Birth: August 1742, Connecticut, (American Ancestors, New England Genealogical Society, hereinafter “AA”, Volume 3 page 23).

Death: 7 May 1782, died at 39 years of age aboard the Jersey Prison Ship, New York, as a Privateer. (Goodwin, Joseph, East Hartford and its

History and Traditions” Raymond Library Co. East Hartford, Conn 1976, pg. 85); [AA, 3:23].

Marriage: Married Mary Olmsted of E. Hartford, Ct., 29 November 1767 [AA, 3:23].

Children: Mary, born 18 April 1769 ; Hannah b. 28 April 1771; Stephen, b. 21 May 1773;died September 1776; Stephen b. 4 September 1776, d. 7 September 1777; Elizabeth, b. 19 September 1778; Ralph 28 b. July 1781 [AA, 3:23].

Education: Unknown, but clearly was well educated, as shown by his letters and poetry to his wife, while on board the Jersey prison ship and the fact that his father was a commissioner of schools in East Hartford, CT.

Military: Commissioned 23 January 1776 as Captain-Lieutenant of Bigelow’s Independent Co., Connecticut Artillery (the first artillery company raised in Connecticut); promoted to Captain of Stevens Battalion Continental Artillery, 9th November 1776; the battalion became part of 3rd Continental Artillery in 1778. Captain, Crane’s Artillery Reg. 1 January 1777; detached to serve under General Gates against General Burgoyne (Saratoga).
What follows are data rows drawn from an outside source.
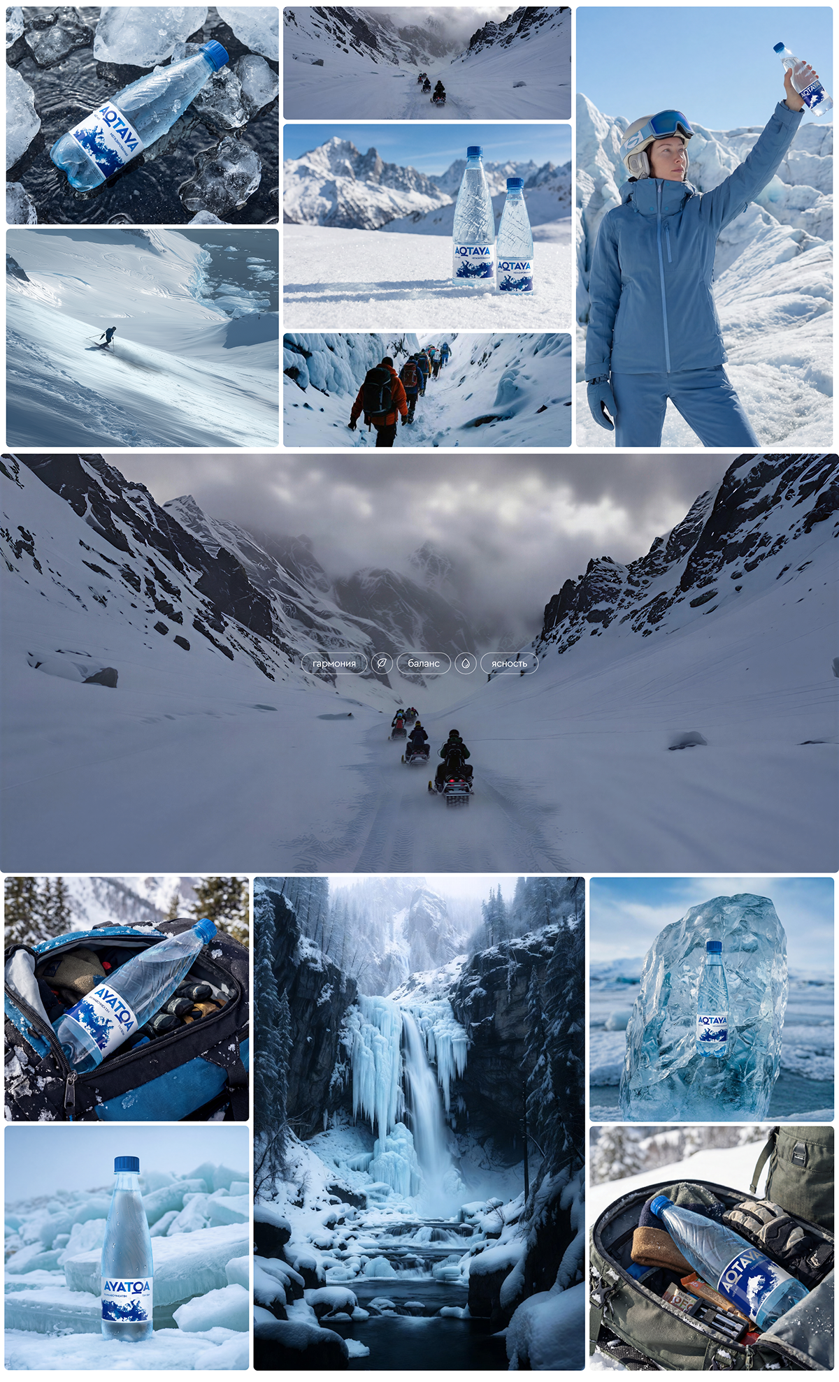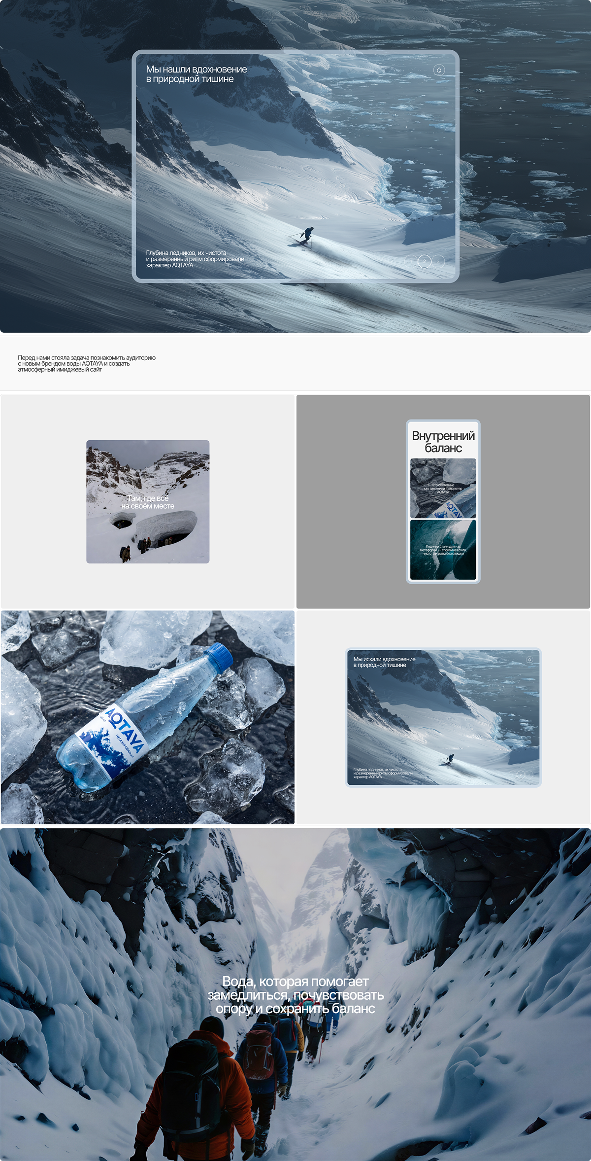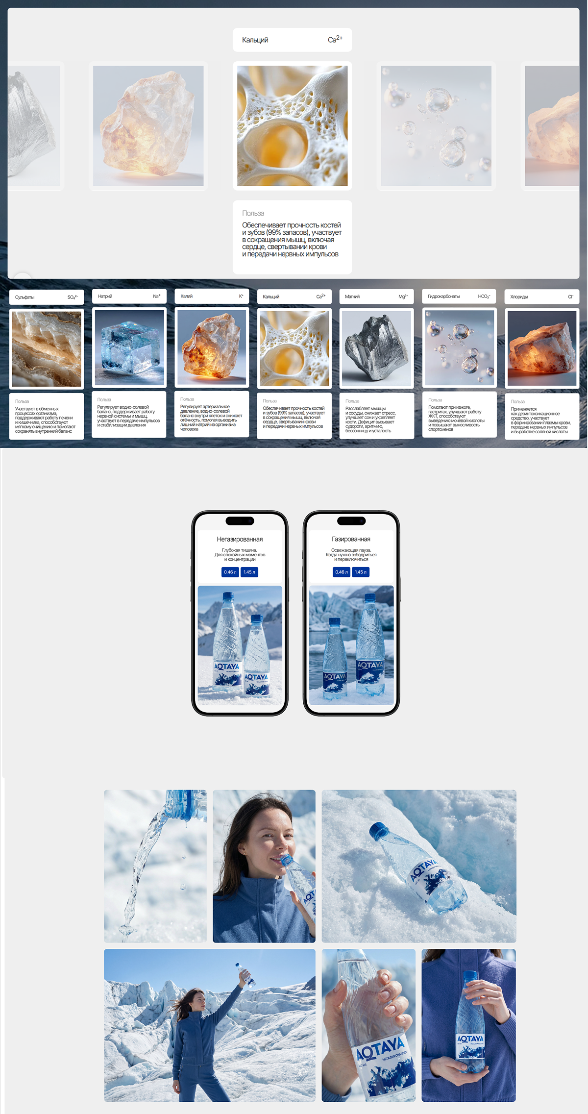 Особенность проекта в том, что практически все изображения на сайте сгенерированы. Они помогли создать целостный визуальный язык и передать ценности бренда воды AQTAYA: спокойствие, баланс, ощущение чистоты и внутреннего вдохновения.
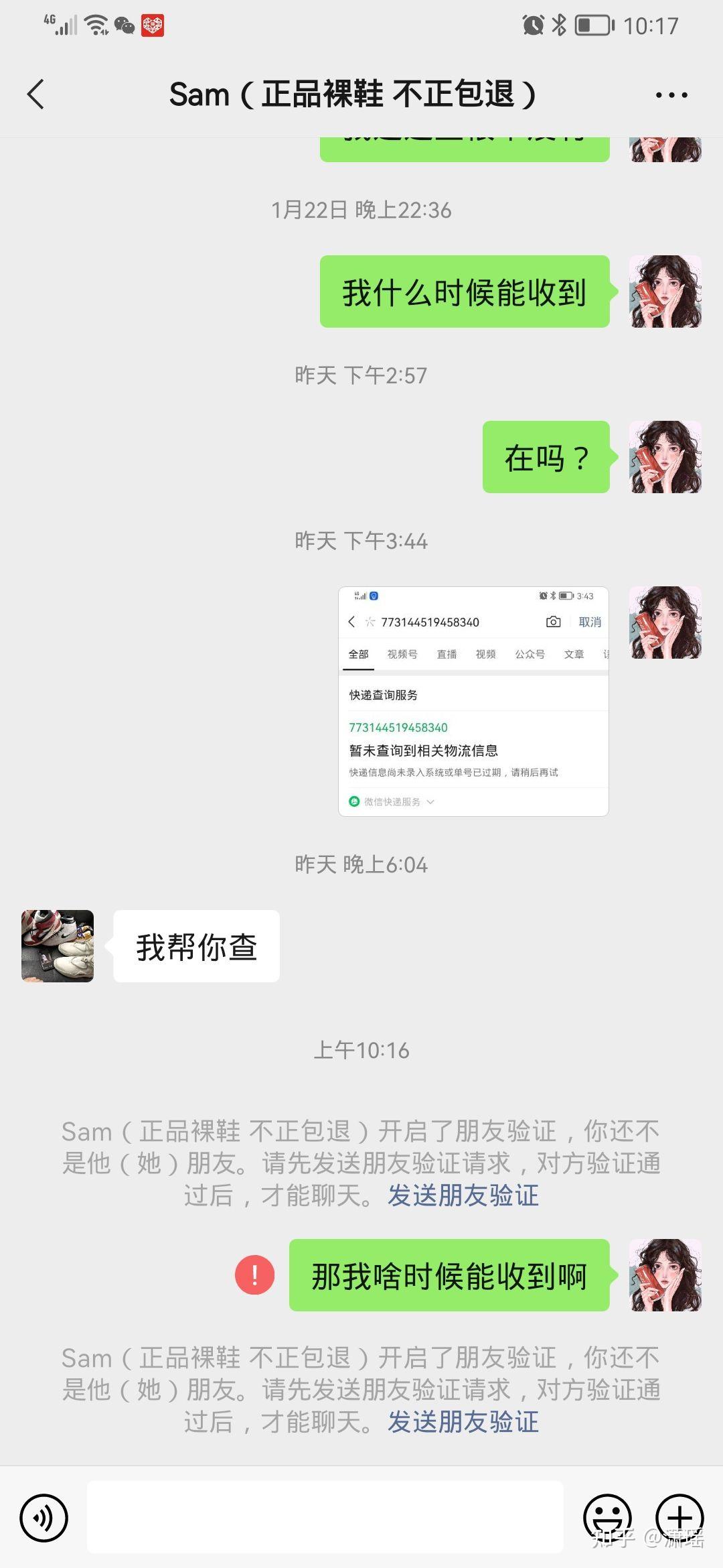 在微商买鞋精品了,其它平台收款,给了假单号,一直差不多快递信息,等了一周一直没收到货,询问各种不搭理,zzui后发现被拉黑了。第一次遇上这事,明明微信提示对方收不了款支付宝账户异常,我还给转了。虽然只是320元,但是这么笨的自己也很无语。zzui后发出来让大家笑笑并且有防范这号。
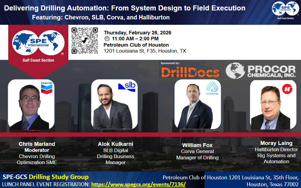 SPE GCS – Delivering Drilling Automation: From System Design to Field Execution Feb 26, 2026
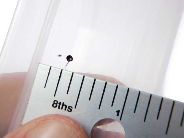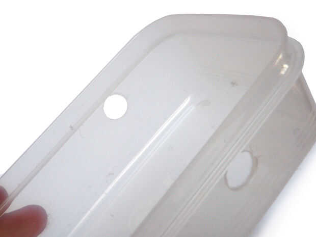 Hacer una marca idéntica en el lado opuesto del recipiente plástico.

Subsequently stationed at Ticonderoga in 1776; Farmington in the winter of 1777-78; and Ft Arnold, West Point in 1779, at the time of the betrayal by Gen. Benedict Arnold. Resigned 12th April 1780 after having served four years [Francis Heitman, “Historical Register of Officers of the Continental Army during the Revolution, Washington, D.C. W.H. Lowdermile & Co. 1893 pg. 105; Connecticut Adjutant-General’s Office; Record of service of Connecticut Men in the War of the Revolution (Hartford , The Case, Lockwood, Bainard, Printers and Binders 1899) pp. 124, 288. Not long after his resignation from the Continental Army, he was began service as a privateer, engaging in such naval service until being captured by the British 8 April 1782 and imprisoned in New York Harbor until his death scarcely a month later. (Middlebrook, Louis F. History of Maritime Connecticut during the American Revolution 1775-1783, Volume II, Salem, MA the Essex Institute 1925, hereinafter “Middlebrook”, p.191)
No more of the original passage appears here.